Hello Operaflute, and Welcome to the Forum:
It is good to have options however, the first option didn't have a link with it. The oil filled heater does a good job for a small room. The site doesen't say so but you know it is an electric heater, don't you? If you only use it in the bedroom for short times, like when you are getting ready for bed or for work, it will not just eat you up. While you are in the bed an electric blanket or electric matress pad is much more efficient.
The combination wall unit will do a good job for the small space. There is another option if you have a fairly centered closet with the water heater in it. A heating coil can be mounted on top of the water heater along with an air handler, I think an air conditioning coil can even be set on top of that. So, bada-boom, you have central heat and air. If you heat your water with natural gas this would be an extremely efficient set-up for you.
http://www.toolbase.org/Technology-Inventory/Plumbing/space-heating-water-heaters
This site will give you a good head start.
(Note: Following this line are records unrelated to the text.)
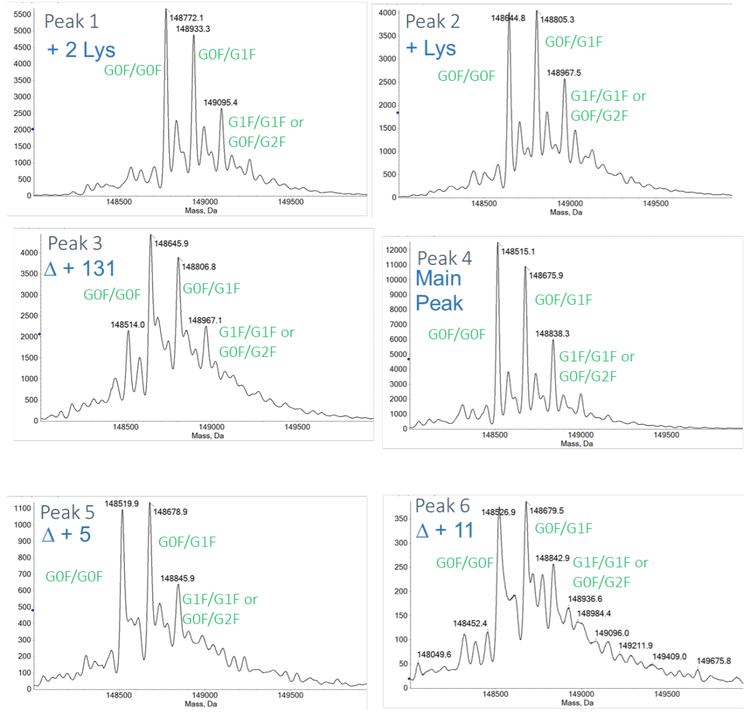Compared to the major form, basic variants in the solution has higher pI, therefore have more surfaces charges, while the lower pI acidic variants would have less surface charges in the same buffer environment. The CE separation conditions used in the CESI-MS method allowed for species with higher charges migrates faster and therefore smaller migration time. The deconvoluted MS spectra shown in Figure 3 correspond to each charge variant separated in the electropherogram on Figure 2c. This data reveals that Peak 1 and 2 have 258 and 129 Da mass shift relative to the main peak and were identified as Infliximab with two and one C-terminal lysine residues respectively . The migration time of Peak 3 indicates they are likely a group of species that’s slightly acidic than the single lysine variant but more basic than the main peak. Additionally, deconvoluted spectra reveals that peak 3 has a 131 Da mass shift relative to peak 2. The higher migration time combined with mass shift indicate that peak 3 is the deamidated form of the single lysine variant. Peak 5 and Peak 6 show minor sequential increases in mass, consistent with increased acidity possibly due to increasing number of deamidation. In addition, three major glycoform patterns can be assigned for each charge variant and the most abundant glycoform is G0F/G1F (Figure 3).
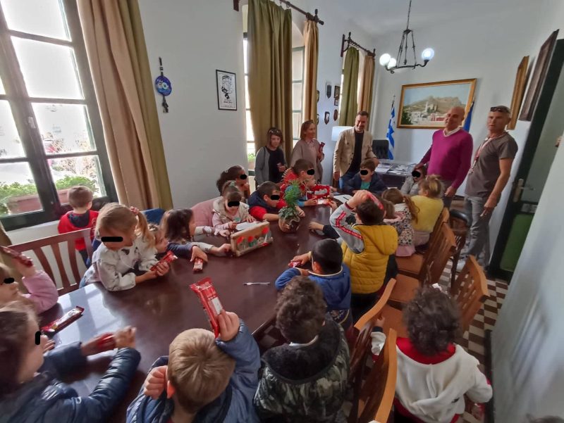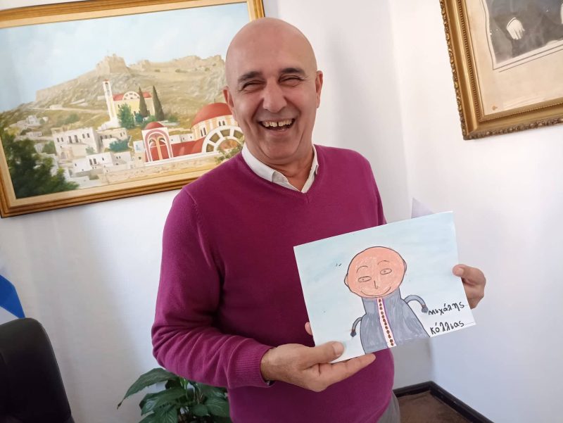 Τέλος, τα παιδιά χάρισαν στον Δήμαρχο κάρτα με ευχές και μία χαριτωμένη ζωγραφιά!
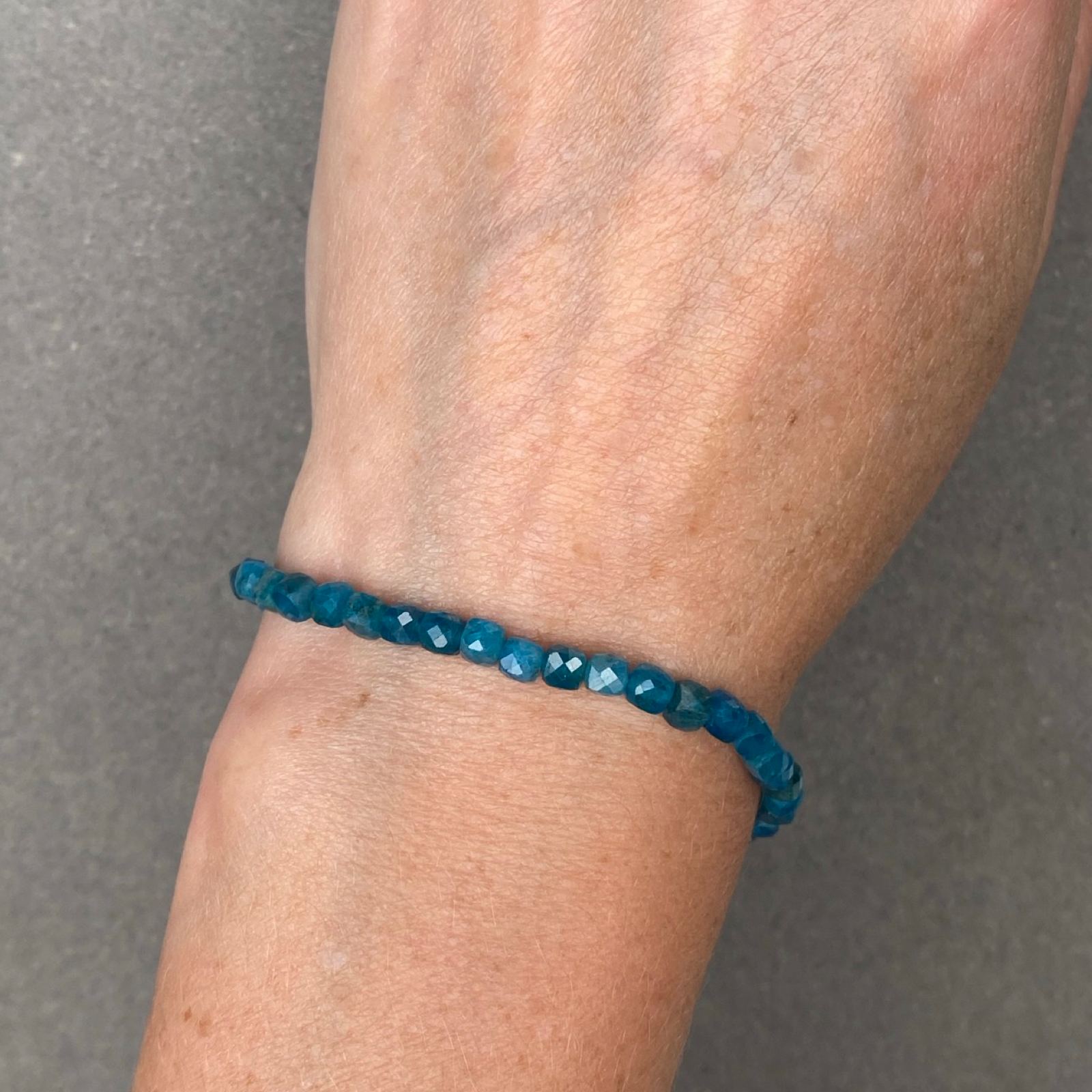 Deze Candy Gems armband is geregen met gefacetteerde fluorietkralen van 4 mm, in een intense bijna neonblauwe kleur. De kleine facetten vangen het licht en geven de armband een levendige schittering die direct in het oog springt. Met een lengte van 19 cm en elastische afwerking sluit de armband comfortabel en soepel om de pols. Fluoriet staat bekend als een steen die helderheid en concentratie brengt; ze helpt je gedachten te ordenen en geeft frisse energie.
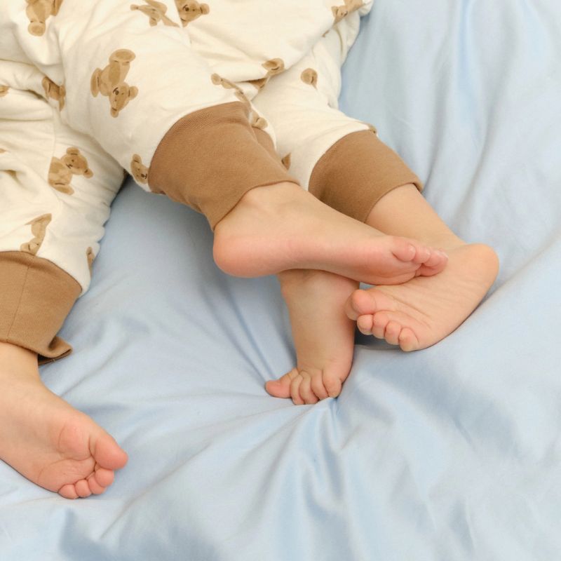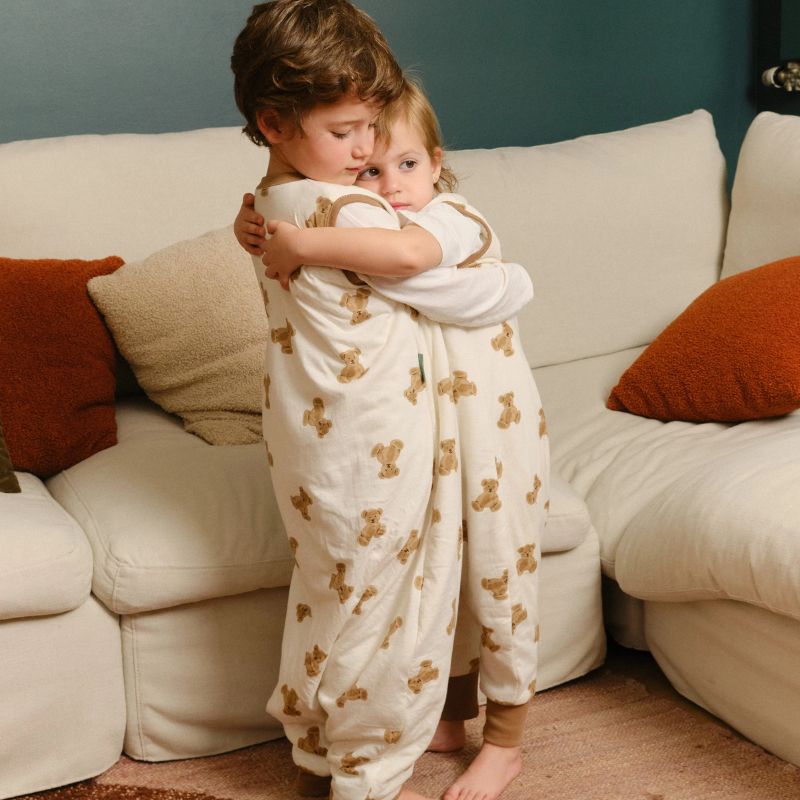 Nosso saco de dormir de meia temporada é uma peça de roupa quente levemente acolchoada, projetada para ser usada sobre o pijama para manter o seu filho aquecido enquanto dorme, brinca, caminha ou gatinha.
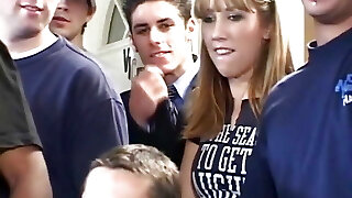 Filthy Busty Redhead Has Fun With a Submissive Chained Stud, Kicking His Plums And Teasing His Dick
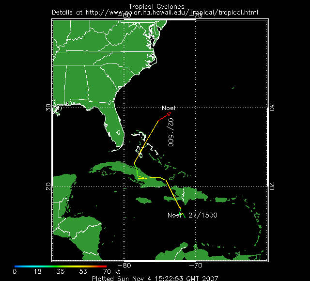 02/11 : La tempête tropicale Noël s'est transformée en ouragan de catégorie 1 au-dessus de l'océan Atlantique après avoir balayé le Nord des Caraïbes, où elle a fait au moins 108 morts.
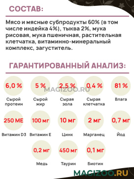 Мясо и мясные субпродукты 60% (в том числе индейка 4%), тыква 2%, мука рисовая, мука пшеничная, растительная клетчатка, витаминно-минеральный комплекс, загуститель.
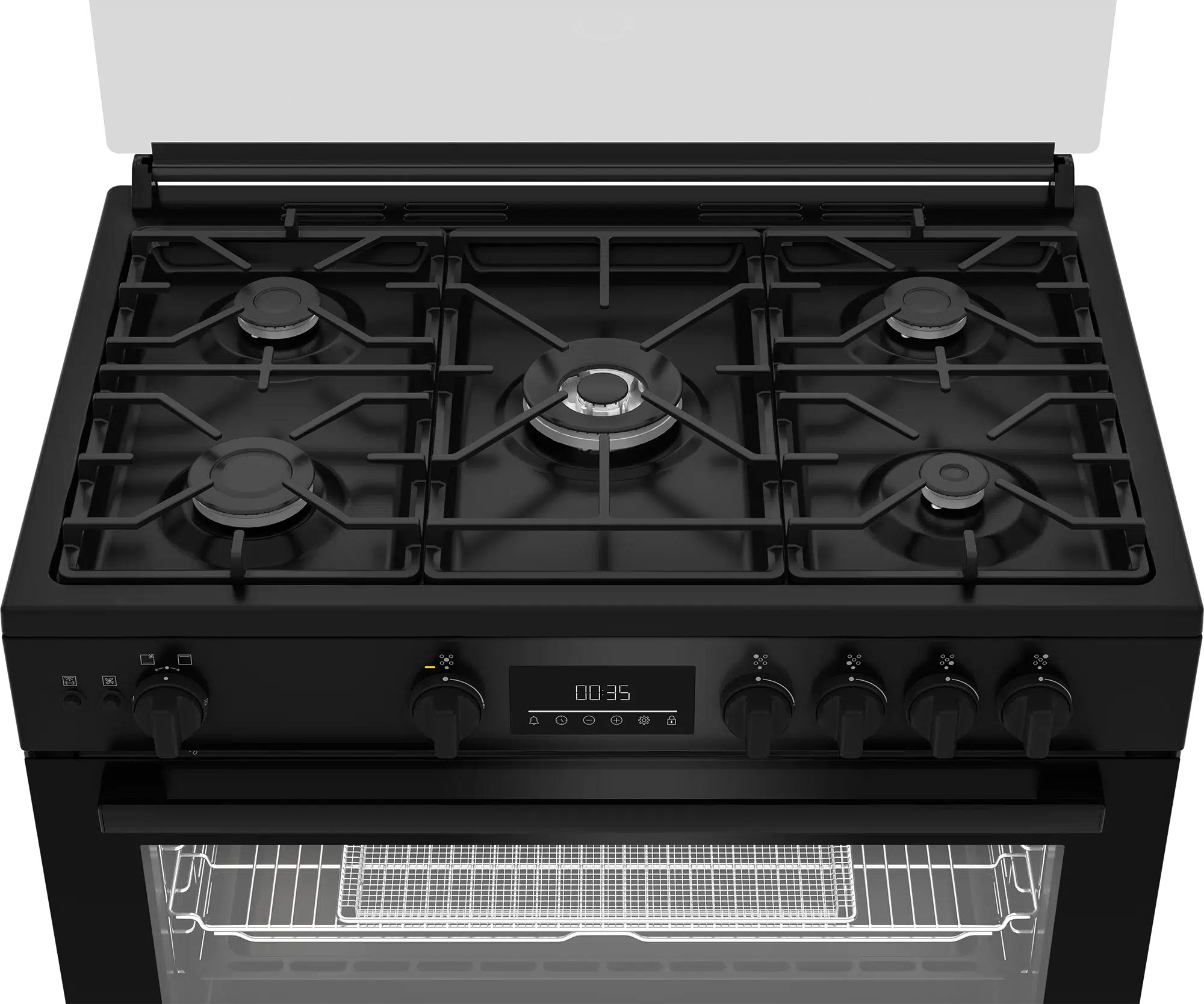 La cuisinière Enduro AFS9050GGBSIT est un appareil 5 feux à gaz au design noir élégant, idéale pour les cuisiniers exigeants. Elle dispose d’un grill avec double bouton de commande, d’un allumage automatique complet, d’une lampe intérieure et d’un tournebroche intégré pour une cuisson polyvalente et pratique.

We are all here for you, ring us up anytime.
Glenn


----------



## operaflute (Feb 17, 2007)

Oops -  I've added that missing link.

Dang, that's a clever little set up idea with the gas water heater, but my water heater is actually outside!  There isn't much in the way of closets at all in here.

Yes, I am aware that the heaters are electric and can really add to my electric bill.  But I plan on using it as you say - just a bit in the morning, and in the bath while showering, before bed, etc.  I like the idea of the programmable timer on the Delonghi for this reason...   That way I could have it turn itself off a half hour after I go to bed, for example.  I'm not sure, but I think the fan on the Delongi is only for initial heating until actual oil heats up.  I'm not sure how well this radiant heat will distribute.  Thus my interest in the Vornado with its fan.  The bedroom is quite sunny and pleasant during the daytime (which means, of course, it will be blistering during the summer).   I'm the sort of person that gets cold easily, so I really want to find the most effective unit.

Thanks for your thoughts.


----------



## Kerrylib (Feb 19, 2007)

I have an oil filled radiator unit that gets used for suplemental heat in the kids' rooms at night.  With little ones they tend to kick off blankets then get cold and don't know to pull the covers back.

The oil filled unit works well to heat a bedroom.  I don't know how well it might work the way you want to use it however.  They tend to heat slowly and use natural convection to circulate the air and warm it that way.  If you turn it on when you get out of bed, hop in the shower and then get ready for work (say half hour) that will be about when it is getting warmed up and actually warming the room.  With the timer, having it kick on a while before you get up would probably work.

Just a thought.


----------



## operaflute (Mar 19, 2007)

I thought I'd close the thread by saying I had a friend give me a space heater they weren't using.  It's the oil filled type, without the fan to jump start it.  It seems okay, although when it's cold, I find myself sitting right next to it.  However, it was free, so I can't complain!


----------